Records contained in a dataset
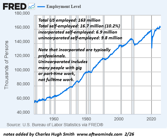 This guest essay by longtime correspondent 0bserver describes the core dynamics of work in America and the global economy: if we don’t own our work, we only “rent” our income and the life it funds. I discuss the process of owning your work in my book Get A Job, Build a Real Career and Defy a Bewildering Economy. The system doesn’t make it easy to own your work, and this isn’t accidental.
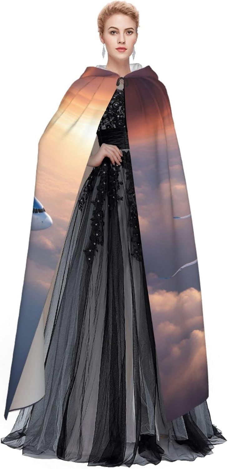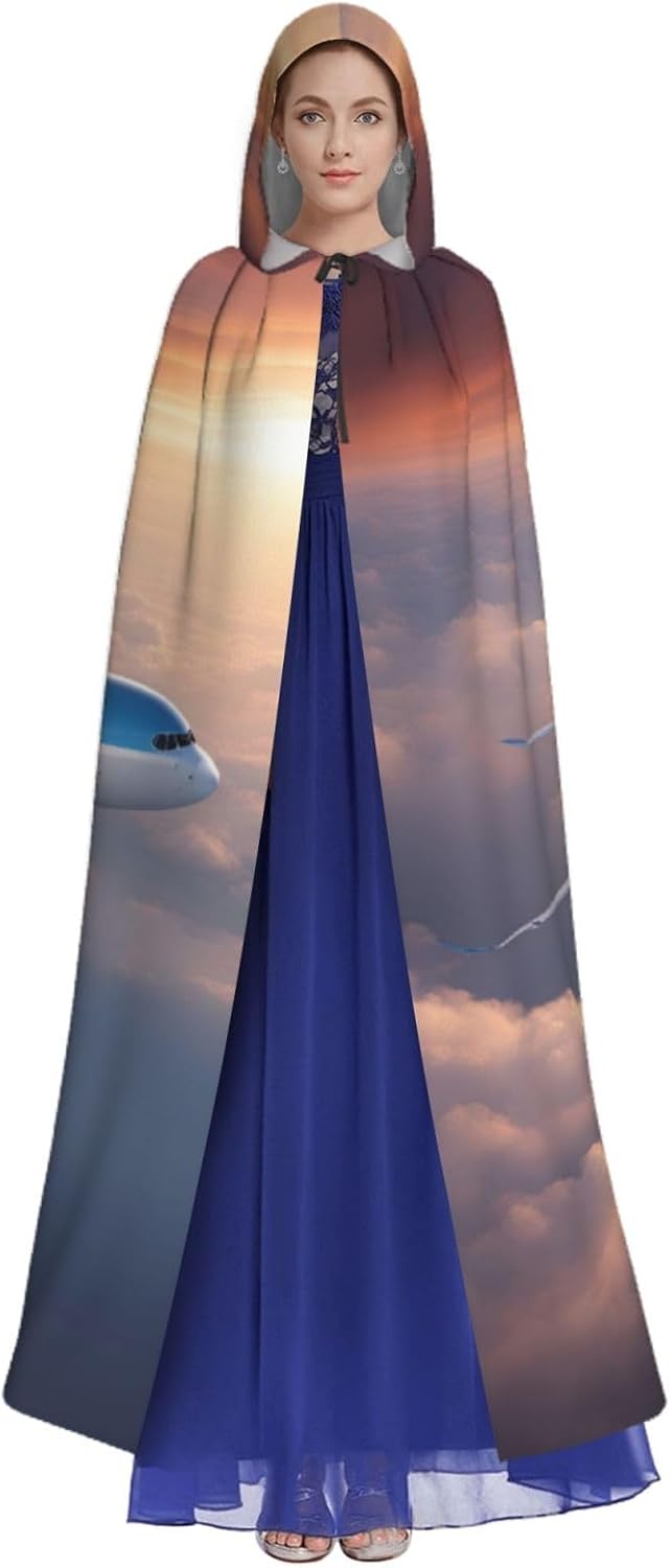 Bellissimo mantello con cappuccio con stampa aeroplano cielo con cappuccio un accattivante mantello con cappuccio per adulti per cosplay e Halloween
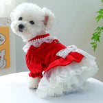 Perfect for holiday parties, this elegant Red Velvet dress with a layer lace skirt and neckline is tastefully designed with white beaded necklace trim for extra glam. Fits small and medium dogs.
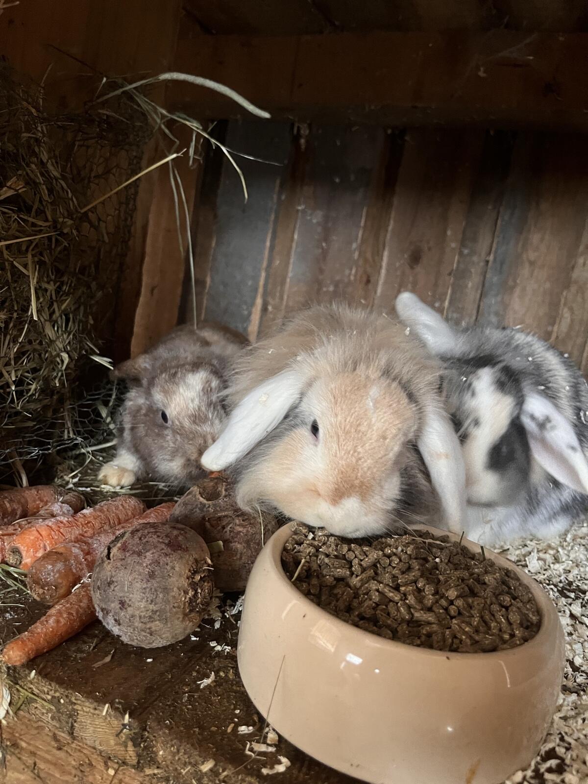 Kaninchenkinder suchen ab 30.03. ein neues Zuhause. Die kleinen Osterhasen werden draußen gehalten und leben in Gruppenhaltung (auch die Elterntiere). Ein einjähriger Rammler sucht ebenfalls noch ein Zuhause. Preis: € 15,-.
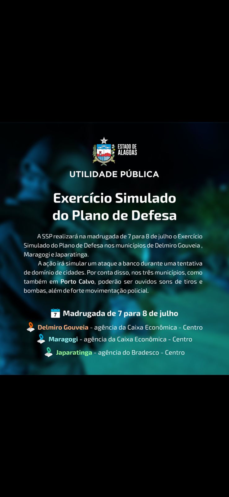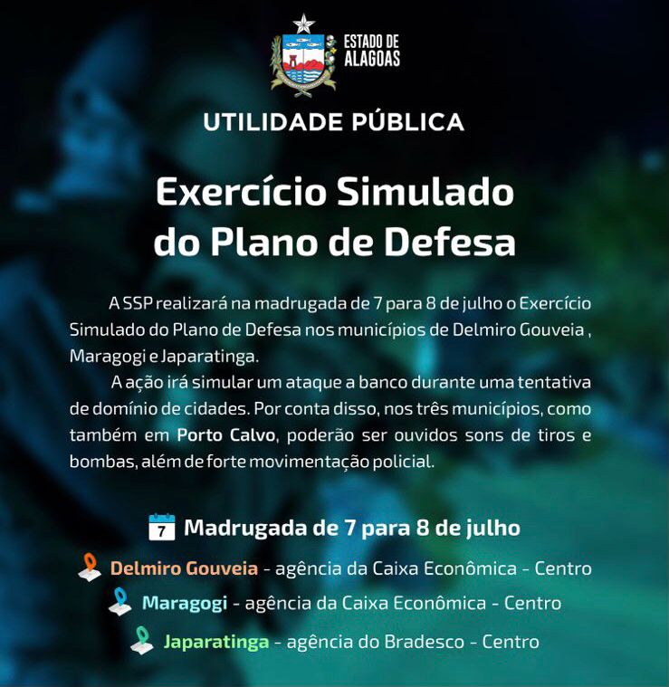 A Secretaria de Estado da Segurança Pública (SSP) realizará um exercício simulado do Plano de Defesa nos municípios de Delmiro Gouveia, Maragogi e Japaratinga. A ação ocorrerá na madrugada de 7 para 8 de julho, a partir de meia noite.
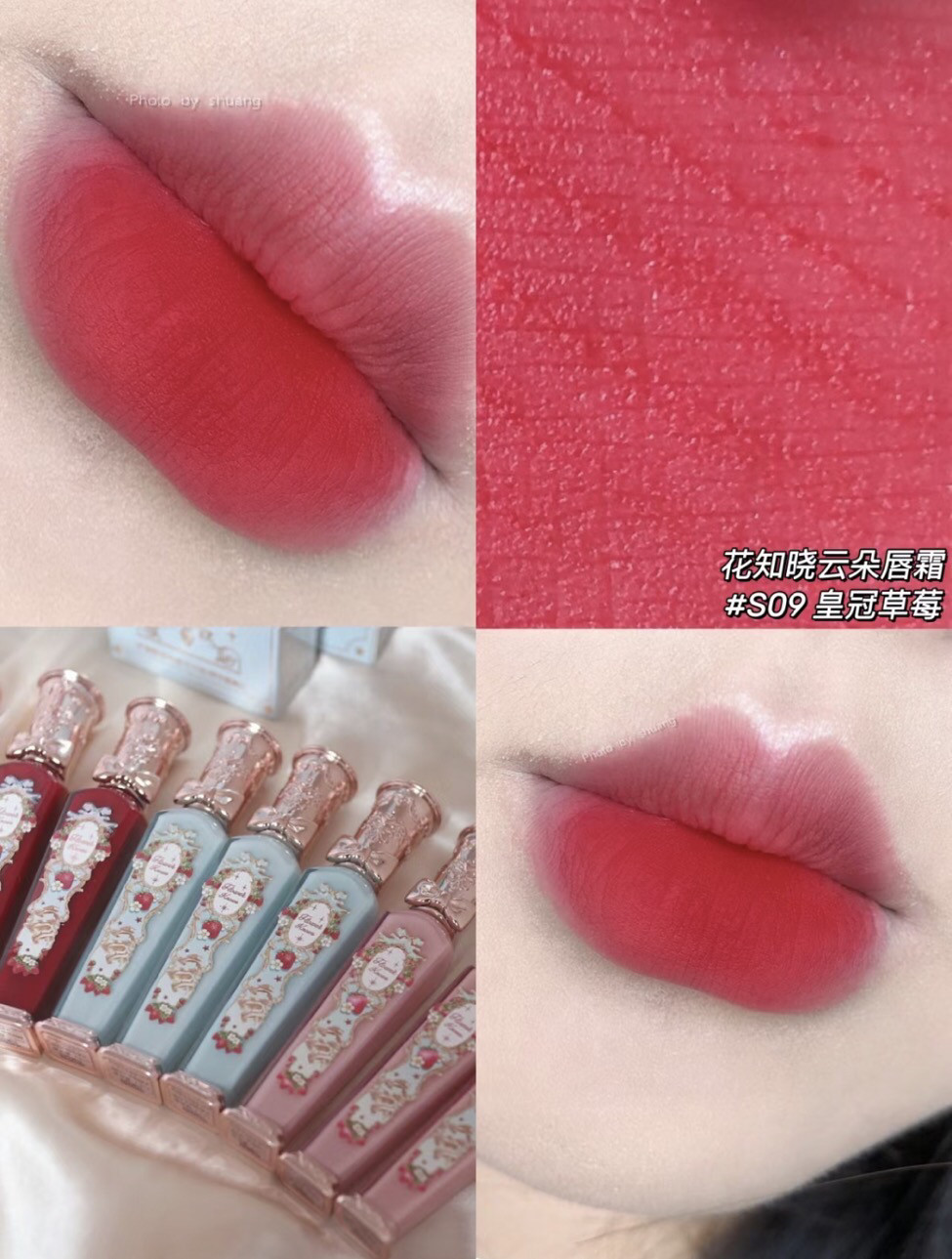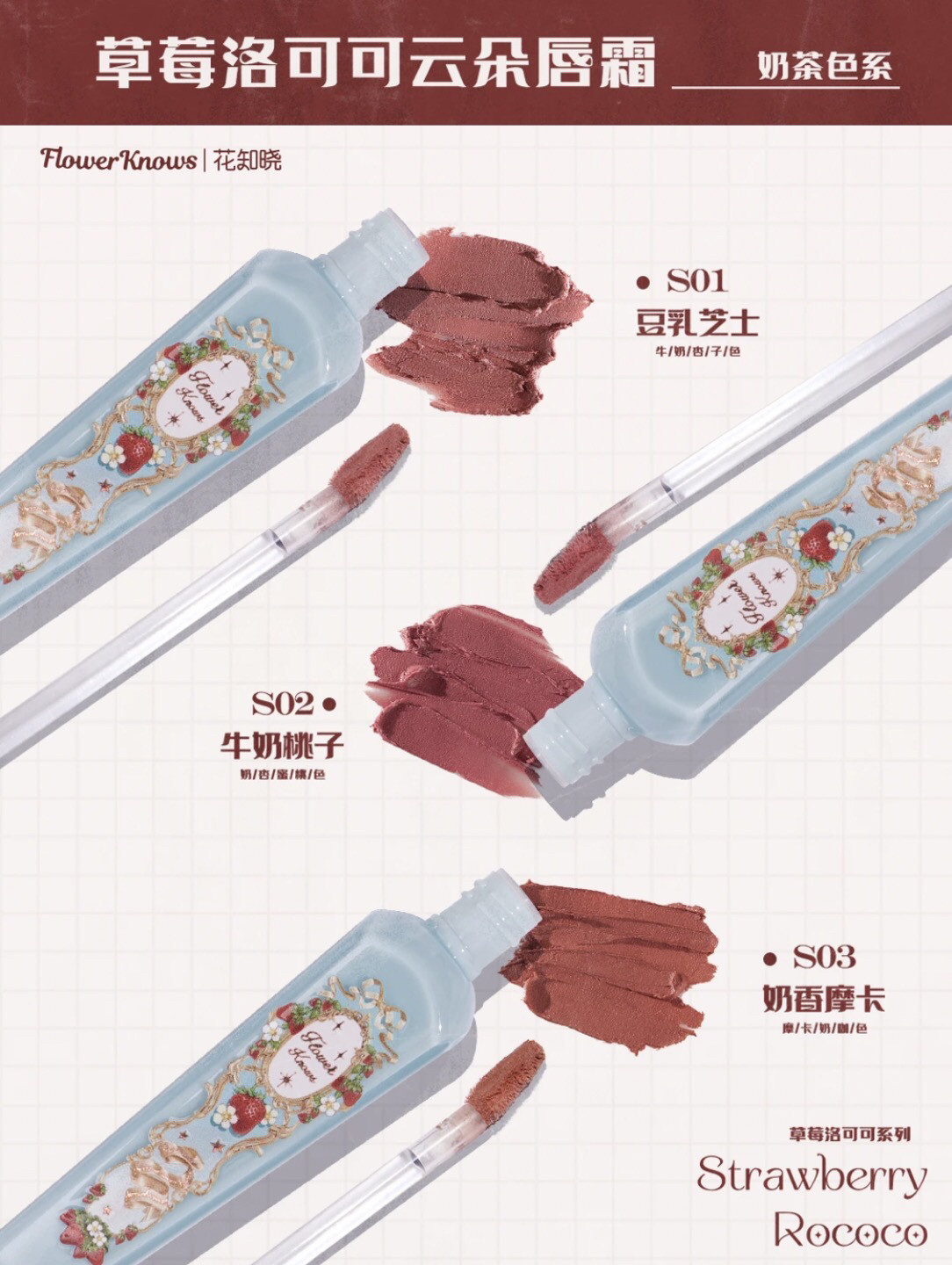 Floral Whisper Strawberry Rococo Cloud Lip Cream Lightweight Daily Lip Glaze Matte Milk Tea Color
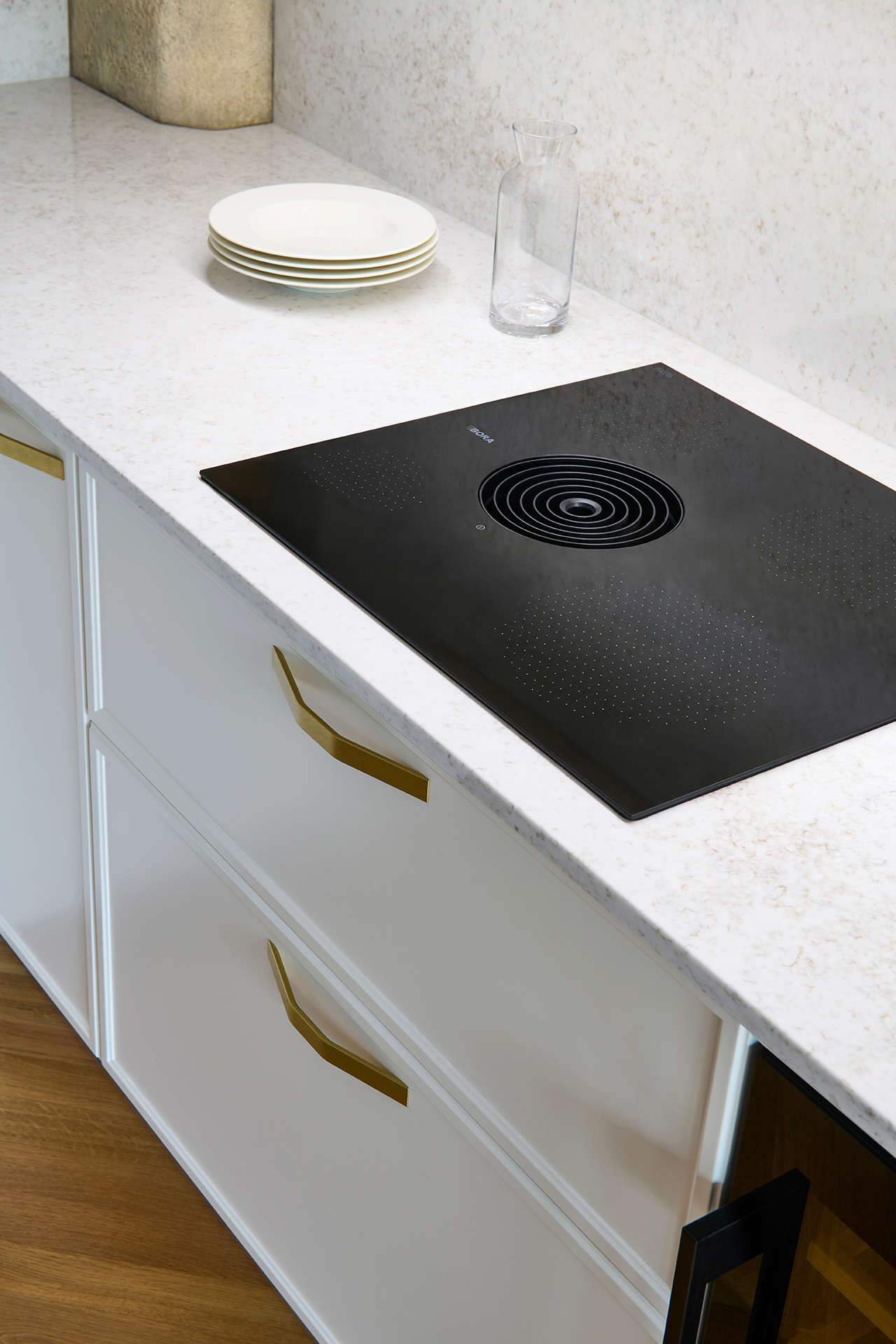 Derrière des lignes parfaitement épurées se cache une technologie moderne de la plus haute qualité. La plaque de cuisson BORA avec hotte intégrée, les appareils électroménagers AEG et l'évier en céramique SYSTEMCERAM sont élégamment dissimulés dans un ensemble qui donne une impression d'harmonie et de sérénité.
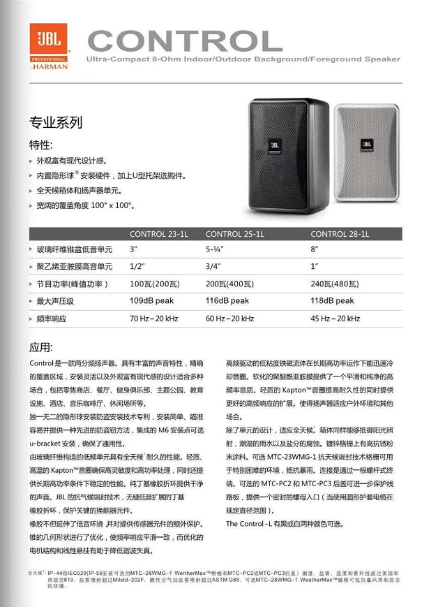 原設計要求擴聲系統一定要高保真,而且要有多聲道效果聲的要求,經過學校老師的專業考察,最終選擇了JBL Control28-1L高保真緊湊型揚聲器,作為一款經典的8寸揚聲器,音質是第一要素,JBL獨有的8寸橡膠邊單元保證了揚聲器足夠的低頻下潛和反應速度,1寸Kapton音圈的高音,安裝在一個耐沖擊性聚苯乙烯HIPS箱體里,能夠還原45Hz-20KHz的頻率響應(-10dB),這個頻寬范圍在8寸揚聲器里絕無僅有。480W的峰值功率輸出能產生118dB peak最大聲壓級。
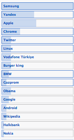 İkinci sırada yer alan marka ise yeni arama motoru Yandex oldu. Google’ın tekeline kafa tutan Rusya merkezli bu arama motoru, Türkiye’de ve dünyanın başka yerlerinde hızlı ve etkili bir yerelleştirme stratejisi izledi. Haritalar, sokak sokak panaromik görüntüleme ve özellikle de mobil trafik uygulamaları, bu arama motorunun kısa sürede tanınmasını ve kullanılır hale gelmesini sağladı.
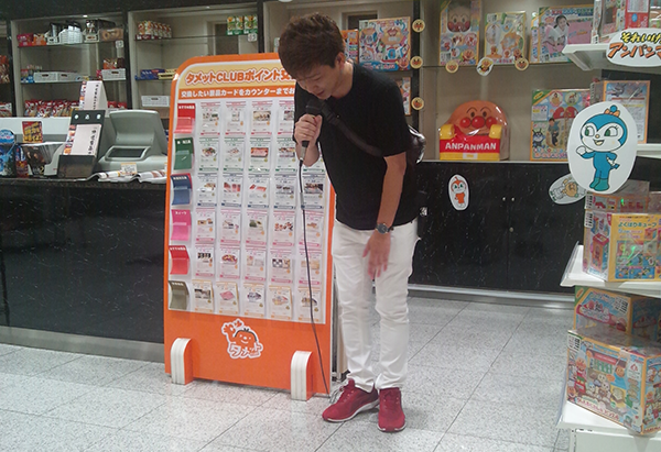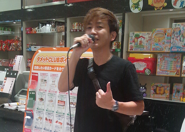 動きをつけて元気いっぱいに挨拶をするモツ平峯さん!
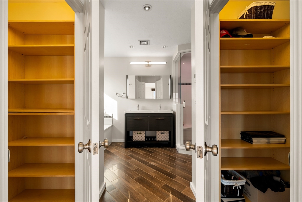 Beautiful Colonial in Coveted Pigeon Hill Estates! Perched high in one of Waltham’s most desirable neighborhoods, this sun-filled Colonial offers an inviting open floor plan ideal for modern living. The open foyer leads to an updated kitchen with dining area that flows into the cathedral-ceiling family room with a fireplace—perfect for entertaining or everyday comfort. A private first-floor office, half bath and laundry room complete the main level. Upstairs features three spacious bedrooms, including a large primary suite with a luxurious en-suite bath and California-style walk-in closets, plus a main hall bath. The finished lower level offers bonus space with direct access to the two-car garage. Additional highlights include a 2016 roof, owned solar panels, and a Tesla whole-home battery backup for outstanding energy efficiency and backup power. Enjoy the expansive backyard with a large patio and sweeping views of Boston.

Exercise prompt: Each entry shown above must be quoted exactly, with its pictures left out.

Expected output:
 This guest essay by longtime correspondent 0bserver describes the core dynamics of work in America and the global economy: if we don’t own our work, we only “rent” our income and the life it funds. I discuss the process of owning your work in my book Get A Job, Build a Real Career and Defy a Bewildering Economy. The system doesn’t make it easy to own your work, and this isn’t accidental.
 Bellissimo mantello con cappuccio con stampa aeroplano cielo con cappuccio un accattivante mantello con cappuccio per adulti per cosplay e Halloween
 Perfect for holiday parties, this elegant Red Velvet dress with a layer lace skirt and neckline is tastefully designed with white beaded necklace trim for extra glam. Fits small and medium dogs.
 Kaninchenkinder suchen ab 30.03. ein neues Zuhause. Die kleinen Osterhasen werden draußen gehalten und leben in Gruppenhaltung (auch die Elterntiere). Ein einjähriger Rammler sucht ebenfalls noch ein Zuhause. Preis: € 15,-.
 A Secretaria de Estado da Segurança Pública (SSP) realizará um exercício simulado do Plano de Defesa nos municípios de Delmiro Gouveia, Maragogi e Japaratinga. A ação ocorrerá na madrugada de 7 para 8 de julho, a partir de meia noite.
 Floral Whisper Strawberry Rococo Cloud Lip Cream Lightweight Daily Lip Glaze Matte Milk Tea Color
 Derrière des lignes parfaitement épurées se cache une technologie moderne de la plus haute qualité. La plaque de cuisson BORA avec hotte intégrée, les appareils électroménagers AEG et l'évier en céramique SYSTEMCERAM sont élégamment dissimulés dans un ensemble qui donne une impression d'harmonie et de sérénité.
 原設計要求擴聲系統一定要高保真,而且要有多聲道效果聲的要求,經過學校老師的專業考察,最終選擇了JBL Control28-1L高保真緊湊型揚聲器,作為一款經典的8寸揚聲器,音質是第一要素,JBL獨有的8寸橡膠邊單元保證了揚聲器足夠的低頻下潛和反應速度,1寸Kapton音圈的高音,安裝在一個耐沖擊性聚苯乙烯HIPS箱體里,能夠還原45Hz-20KHz的頻率響應(-10dB),這個頻寬范圍在8寸揚聲器里絕無僅有。480W的峰值功率輸出能產生118dB peak最大聲壓級。
 İkinci sırada yer alan marka ise yeni arama motoru Yandex oldu. Google’ın tekeline kafa tutan Rusya merkezli bu arama motoru, Türkiye’de ve dünyanın başka yerlerinde hızlı ve etkili bir yerelleştirme stratejisi izledi. Haritalar, sokak sokak panaromik görüntüleme ve özellikle de mobil trafik uygulamaları, bu arama motorunun kısa sürede tanınmasını ve kullanılır hale gelmesini sağladı.
 動きをつけて元気いっぱいに挨拶をするモツ平峯さん!
 Beautiful Colonial in Coveted Pigeon Hill Estates! Perched high in one of Waltham’s most desirable neighborhoods, this sun-filled Colonial offers an inviting open floor plan ideal for modern living. The open foyer leads to an updated kitchen with dining area that flows into the cathedral-ceiling family room with a fireplace—perfect for entertaining or everyday comfort. A private first-floor office, half bath and laundry room complete the main level. Upstairs features three spacious bedrooms, including a large primary suite with a luxurious en-suite bath and California-style walk-in closets, plus a main hall bath. The finished lower level offers bonus space with direct access to the two-car garage. Additional highlights include a 2016 roof, owned solar panels, and a Tesla whole-home battery backup for outstanding energy efficiency and backup power. Enjoy the expansive backyard with a large patio and sweeping views of Boston.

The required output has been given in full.